■ **TO DO**
Pictures are to be dropped from the copy. Retype the listing exactly.

■ **DATA EXTRACT**

********************

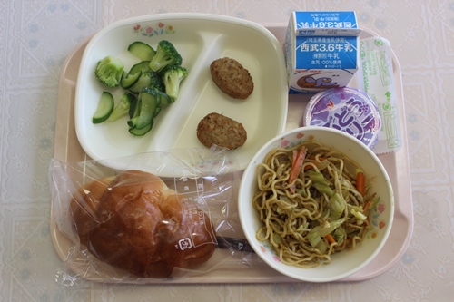 今日は、インディアン焼きそばでした。カレー風味の焼きそばで子どもたちにも人気でした。バターロールにはさんで焼きそばパンにしたり、そのまま食べたりいろいろな食べ方をしておいしそうに食べていました。ぶどうゼリーは、甘くてみんなうれしそうに食べていました。
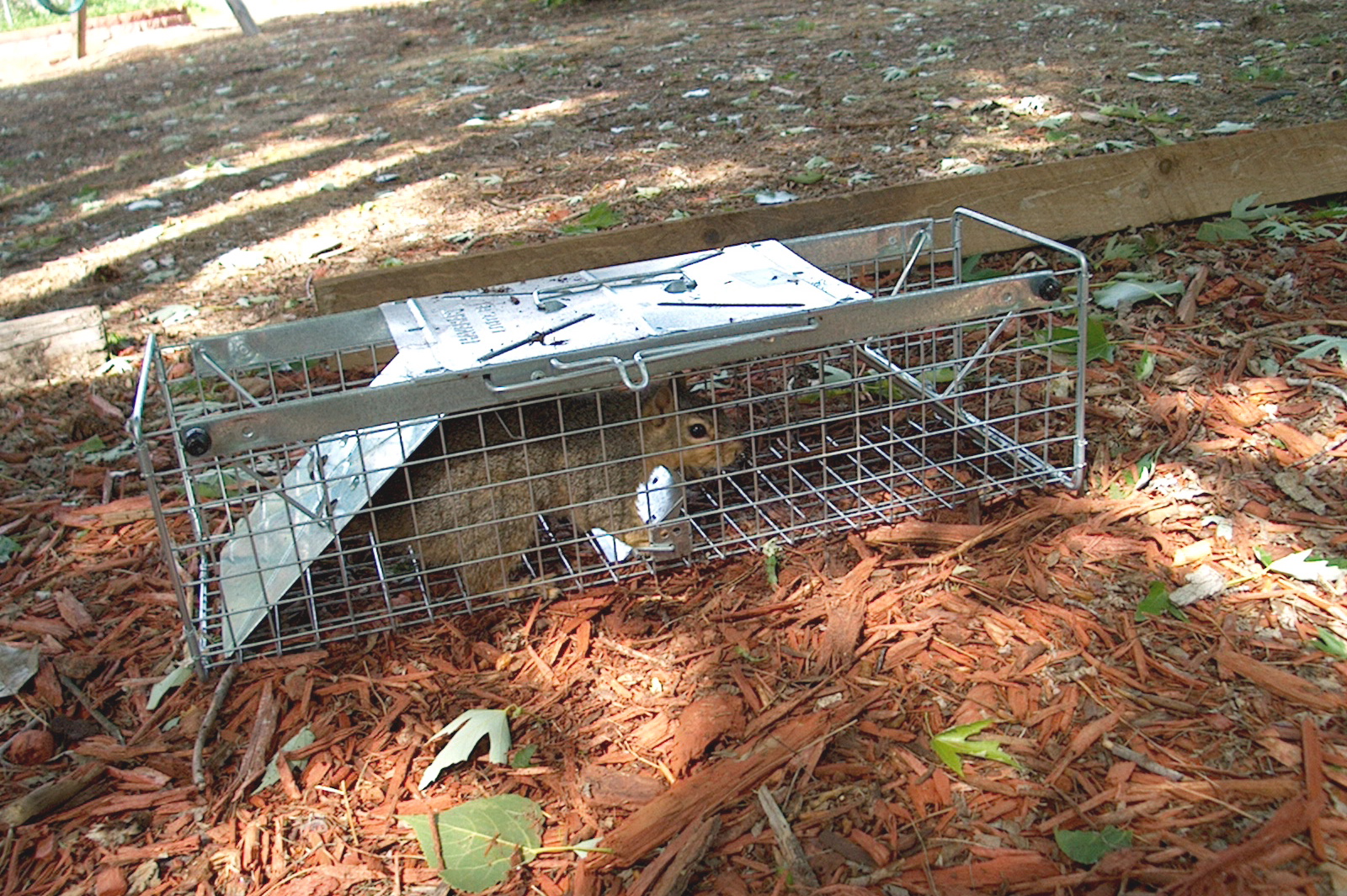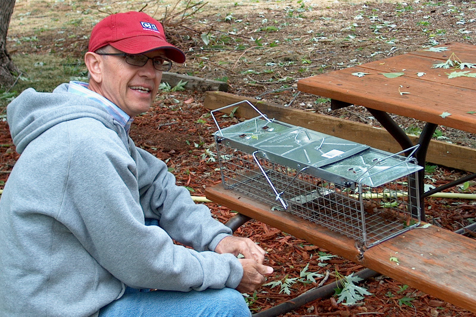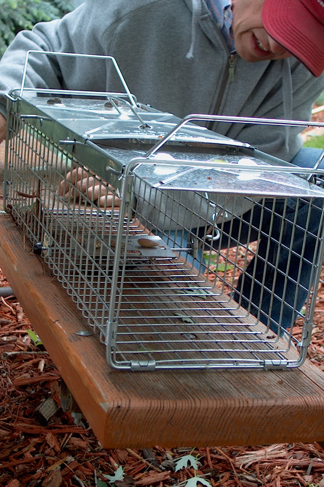 Since we don’t have dogs to scare them away, and we don’t have guns to eliminate them, Don found a solution at Home Depot and came home with the Havahart squirrel trap.
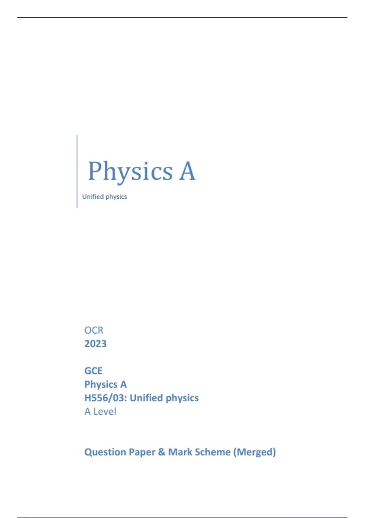 OCR 2023 GCE Physics A H556/03: Unified physics A Level Question Paper & Mark Scheme (Merged)

********************

■ **WORKED SOLUTION**
 今日は、インディアン焼きそばでした。カレー風味の焼きそばで子どもたちにも人気でした。バターロールにはさんで焼きそばパンにしたり、そのまま食べたりいろいろな食べ方をしておいしそうに食べていました。ぶどうゼリーは、甘くてみんなうれしそうに食べていました。
 Since we don’t have dogs to scare them away, and we don’t have guns to eliminate them, Don found a solution at Home Depot and came home with the Havahart squirrel trap.
 OCR 2023 GCE Physics A H556/03: Unified physics A Level Question Paper & Mark Scheme (Merged)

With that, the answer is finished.